> [INSTRUCTIONS FOR THE TASK]: Within the lines below, the span from the line with "雄安新區(qū)容東片區(q" to the line with "This cute Denim", both ends included, is to be reproduced exactly, with pictures omitted.
++++
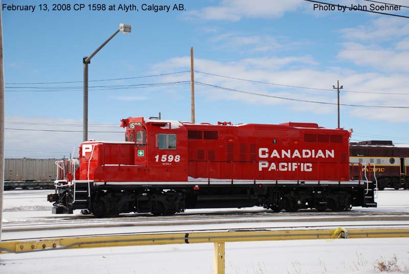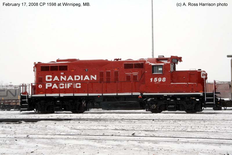 Other Photos (chronological) : 1. CP 8803 at Port Coquitlam, B.C., painted in the CP Rail Large Multimark paint scheme. Photo by Claude Prutton, 1976; 2. CP 1598 at Toronto, ON., painted in the CP Rail Small Multimark paint scheme. Photo by Bill Sanderson, 1991; 3. CP 1598 at Alyth, Calgary AB., painted in the Canadian Pacific paint scheme. Photo by John Soehner, 2008; 4. CP 1598 at Winnipeg, MB., painted in the Canadian Pacific paint scheme. Photo by A. Ross Harrison, 2008.
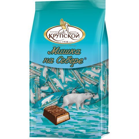 Конфеты глазированные ФАБРИКА ИМ. КРУПСКОЙ "Мишка на севере" - в шоколадной глазури, под которой можно найти тонкие слои вафли и нежную начинку с ореховым вкусом. Начинка - растертые с сахаром ядра миндаля и кешью.
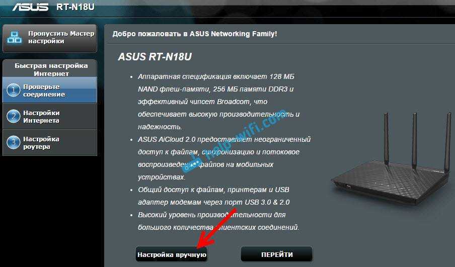 В главном окне, нажмите на кнопку Настройка вручную. Если выбрать Перейти, то роутер попытается сам определить тип вашего подключения. Но, он не всегда успешно это делает. И что бы не запутаться, лучше настроим вручную.
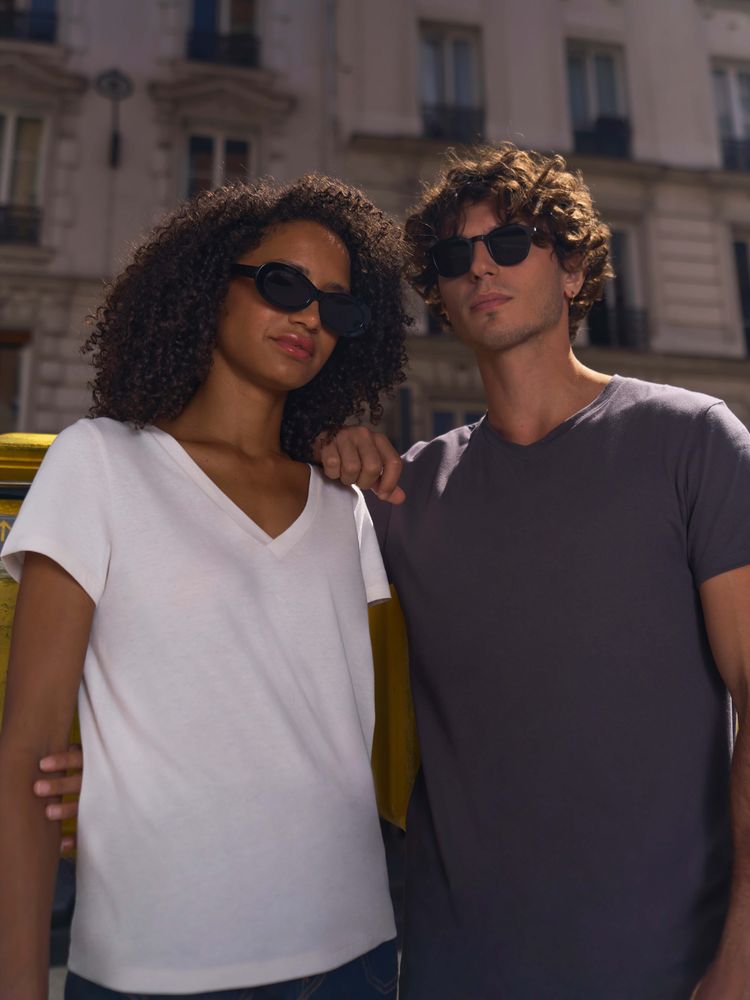 Женская футболка Regent с V-образным вырезом. Такой вырез снова актуален: он визуально удлиняет шею, подчеркивает линию ключиц и добавляет образу легкости.
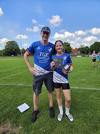 Nelly Franke vom TSV Brokstedt hat die Jury des KLV überzeugt mit ihrem freudigen, freundlichen Auftreten, der guten Laune und der Empathie, verbunden mit aufmunternden Worten und Gesten, falls es bei anderen mal nicht so gut lief. Sie wurde zur Athletin des Jahres 2024 gewählt.
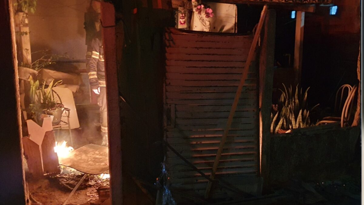 Ao chegar no local, os bombeiros constataram que o material que estava queimando eram pedaços de madeira e restos de um colchão de espuma, na frente da casa.
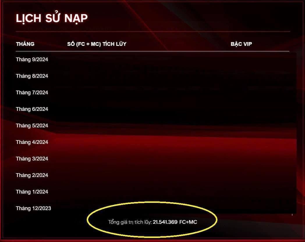 Mới đây, cộng đồng game tại Việt Nam nói chung và nhất là các game thủ FC Online nói riêng đã được một phen sửng sốt khi số tiền nạp game của một người chơi được hé lộ. Cụ thể, trong bảng thống kê từ tháng 12/2023 đến tháng 9/2024, người chơi này đã nạp vào tổng cộng 21.541.369 FC + MC (là những giá trị tiền tệ ảo trong FC Online). Con số được quy đổi ra tiền VND tương đương khoảng hơn 10 tỷ. Có thể nói, đây thực sự là một gia tài và số tiền 10 tỷ có thể một người lao động làm việc cả đời cũng chưa chắc đã có được.
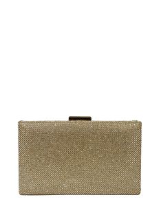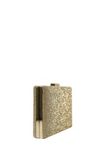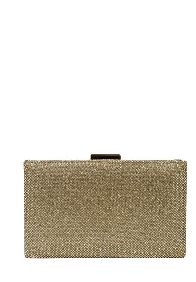 Bolsa clutch dourada com aplicações de cristais. Fechamento por encaixe. Acompanha alça em metal. Altura: 11cm / Largura: 19cm / Espessura: 3cm
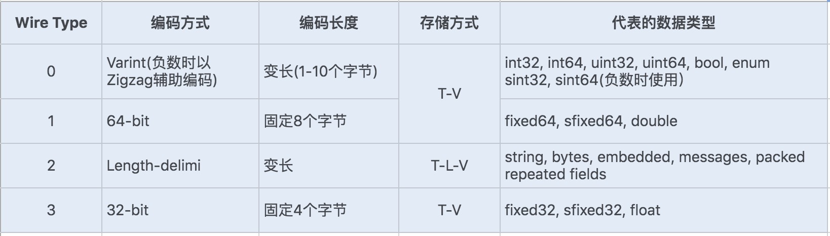 Protobuf 定义了一套自己的编码方式,几乎可以映射 Java/Python 等语言的所有基础数据类型。不同的编码方式对应不同的数据类型,还能采用不同的存储格式。如下图所示:
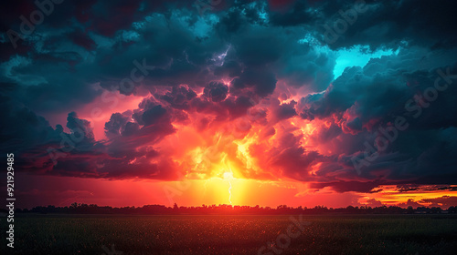 © S-Rika, Naklejka premium Golden Lightning Bolt Illuminating Stormy Night
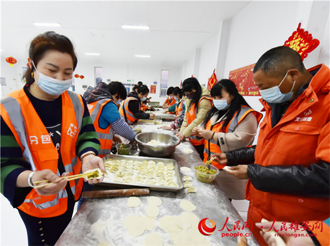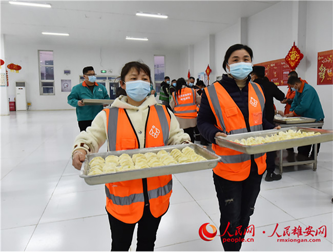 雄安新區(qū)容東片區(qū)B1組團(tuán)安置房項(xiàng)目留雄過(guò)年建設(shè)者包餃子。
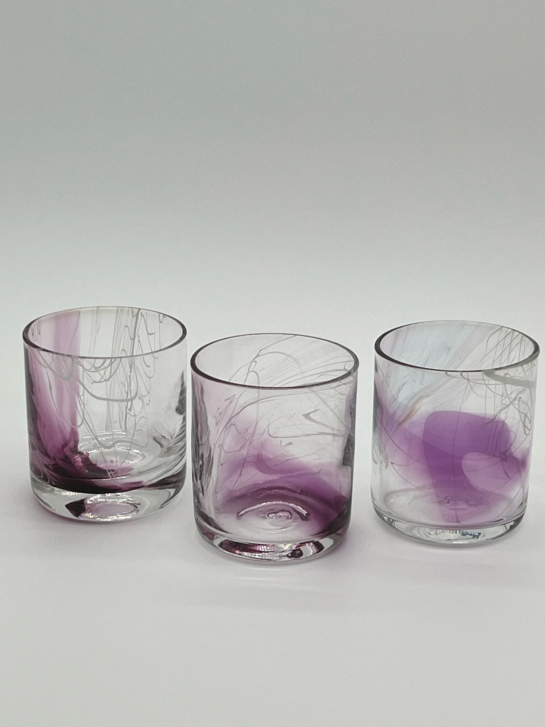 Shop › Purple/white chaos cane glasses Image 1 of 1 Purple/white chaos cane glasses $75.00 3 1/2”x 3”. Holds 9 oz. Add To Cart Added! 3 1/2”x 3”. Holds 9 oz.
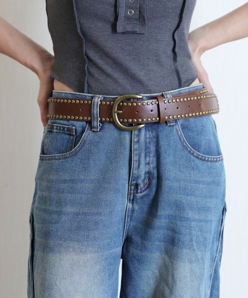 ベルト全体にスタッズを打ち込み、程よいハードさがトレンドライクな幅広ベルトに。
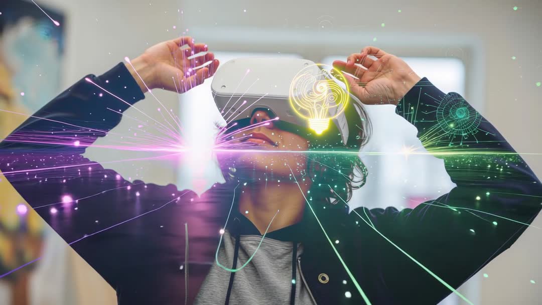 - Man Exploring Virtual Reality with Colorful Neon Graphics
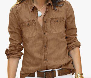 This cute Denim Button Down Shirt comes in 18 different colors and sizes XS – 3XL!  It’s 100% cotton and machine washable.
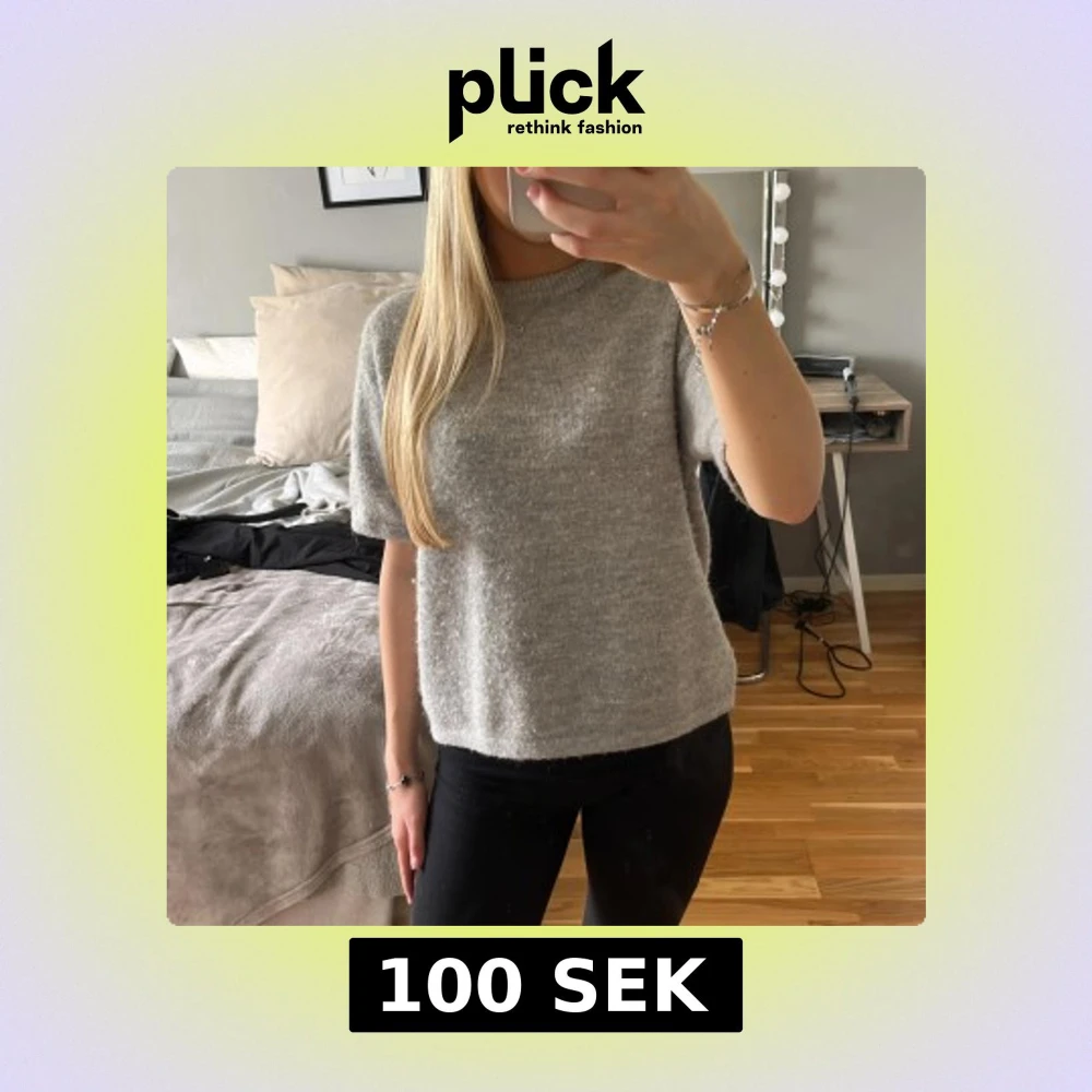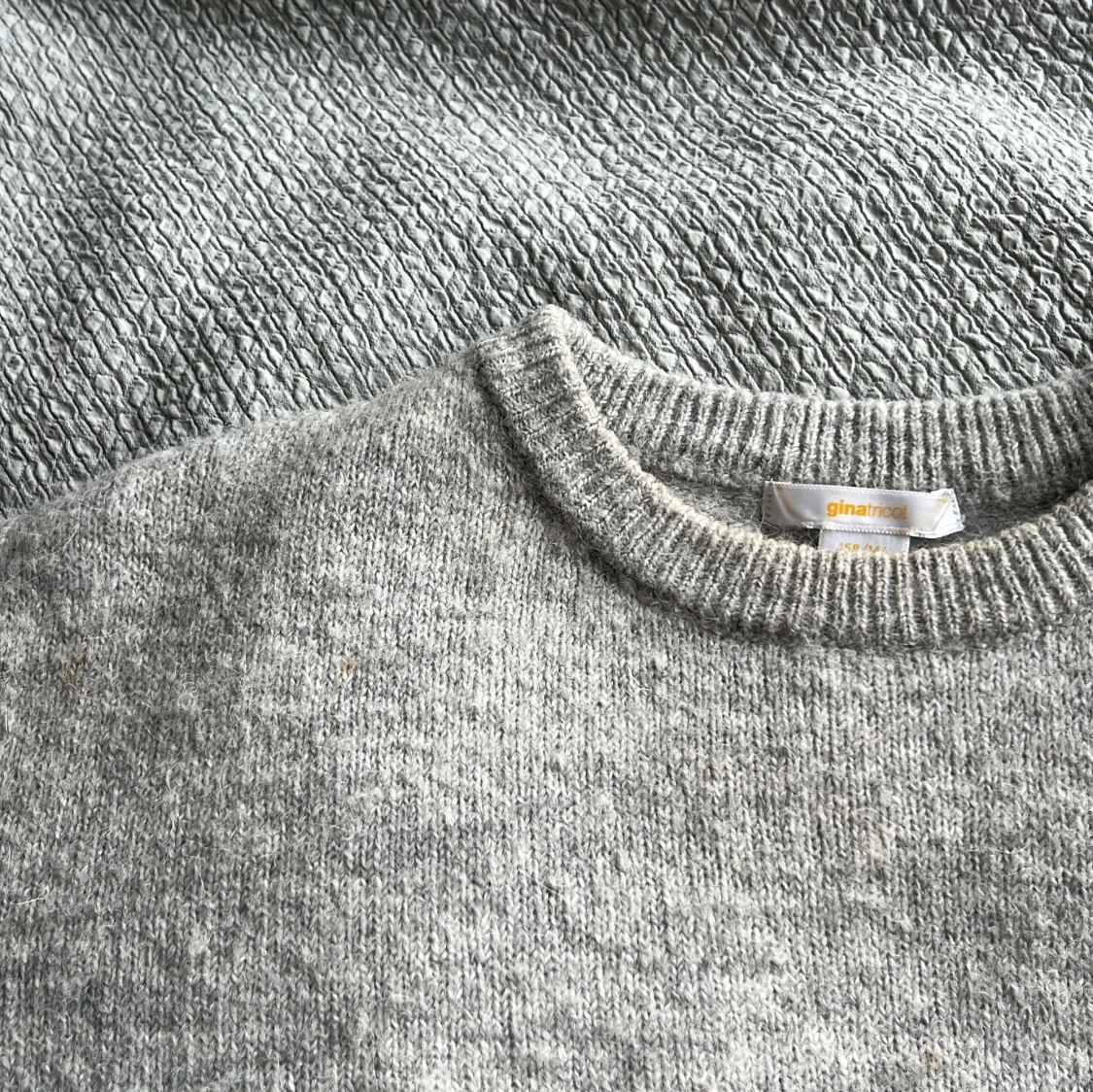 Mysig grå stickad tröja från Gina i storlek 158/164💕lite smink på halsen men går bort i tvätten
++++
> [COMPLETED EXERCISE]:
 雄安新區(qū)容東片區(qū)B1組團(tuán)安置房項(xiàng)目留雄過(guò)年建設(shè)者包餃子。
 Shop › Purple/white chaos cane glasses Image 1 of 1 Purple/white chaos cane glasses $75.00 3 1/2”x 3”. Holds 9 oz. Add To Cart Added! 3 1/2”x 3”. Holds 9 oz.
 ベルト全体にスタッズを打ち込み、程よいハードさがトレンドライクな幅広ベルトに。
 - Man Exploring Virtual Reality with Colorful Neon Graphics
 This cute Denim Button Down Shirt comes in 18 different colors and sizes XS – 3XL!  It’s 100% cotton and machine washable.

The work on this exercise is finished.